Imagine you are walking through the woods alone when you hear the sudden crack of a fallen branch. Startled, you jump and your brain starts to release stress signals to your body. The hair on the back of your neck stands up to detect any movements in the air. Your eyes open wider to let in more light. Your heart rate increases and blood is allocated toward your muscles. You might look around, listening for any more noises.
In this scenario, you are stressed and your body is allocating resources to functions that might be helpful in that scenario: your senses and muscles. You are prepared to defend yourself or run from an attacker, also called the fight or flight response.
Stress signals the brain to call for a reallocation resources for the task at hand. As an organism, survival is your job so a fight or flight response is advantageous for staying alive. The other processes in your brain must take a backseat, slowing down or stopping entirely. Stress is an adaptation that is good for short bursts to ensure your safety.
Let’s get you out of the woods and put you into a classroom.
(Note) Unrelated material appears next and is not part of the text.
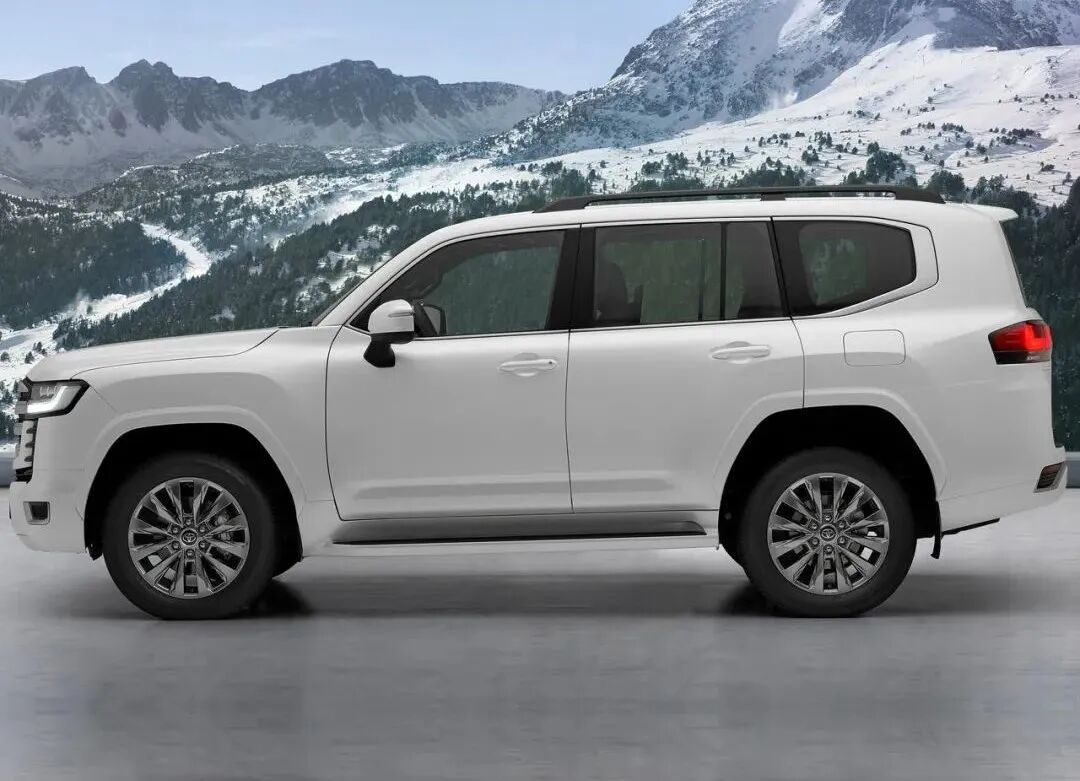 车身侧面依旧延续了兰德酷路泽车系的高大造型,不过C柱后方平直的车尾让人不禁想起另一款经典日系越野车——途乐。硕大的轮子以及夸张的悬挂行程则是这台车越野能力最基础的保证。在尺寸方面,新车的长宽高分别为4950/1945/1980mm,轴距则是与老款保持一致,依旧是2850mm,虽然整车看起来魁梧,但是实际上的“占地面积”甚至要比不少中大型轿车还要小。

You no longer have to worry for your physical safety, but you have solidified the importance of an upcoming test. Because you have placed so much mental weight onto the outcome of the test, your brain does not have the ability to distinguish the test from a threat like you would experience in the woods. Your brain releases stress and your resources are reallocated to sharpen your senses and quicken your decisions.
However, unlike the woods, you don’t have the ability to run away from this threat. Students usually know when their tests are days or weeks ahead of time. Your short-term adaptation is now activated for much longer and it means your resources remain reallocated to deal with the stress.
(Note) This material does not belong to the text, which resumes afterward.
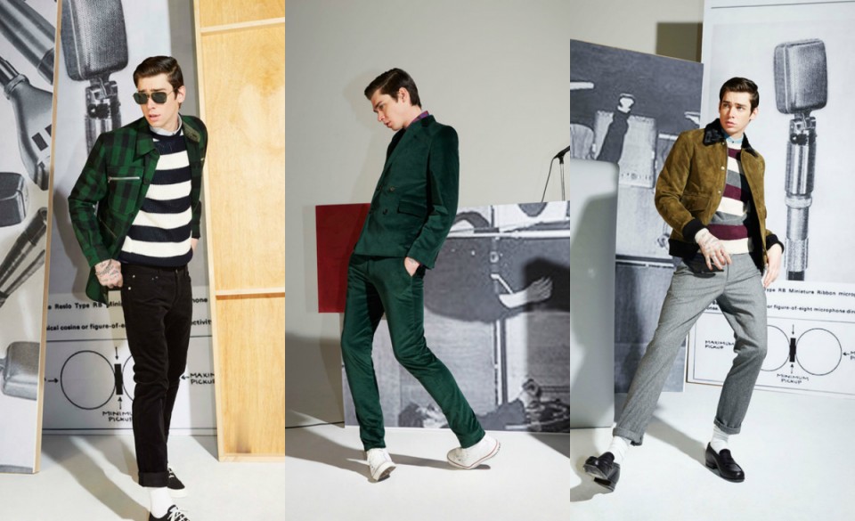 A large focus on knitwear, corduroy and rich jewel tones is prevalent across their A/W 14 collection. Heavy, warm tones and textures are juxtaposed against typically 60s silhouettes where the accessorizing is truly what ties these looks together. The menswear collection stands out the most with a dark pine green velvet suit stealing the show from the demure, loafer clad womenswear styling shots – pictured below. If it’s a new you “back to college” wardrobe you’re after, you truly can’t go wrong with this dangerously cool duo. Maison Kitsuné’s mens and womens collections are available online at Matches Fashion, Net-A-Porter and Mr Porter.

The long-term allocation of resources from stress means long-term lack of resources for processes like digestion or hormone production. Maintaining a stressed lifestyle for long enough can literally kill you, for no better reason than your brain can’t keep you alive in this condition anymore.
Stress can be a very helpful signal to help you prepare for the impending future, but it is important to understand the toll that it takes on the rest of your body. We have created a society where our survival isn’t called into question nearly as often as in nature. The stress releasing adaptation doesn’t just go away. We get to choose what we give importance to, but we should be aware of the effect it has on our own brains.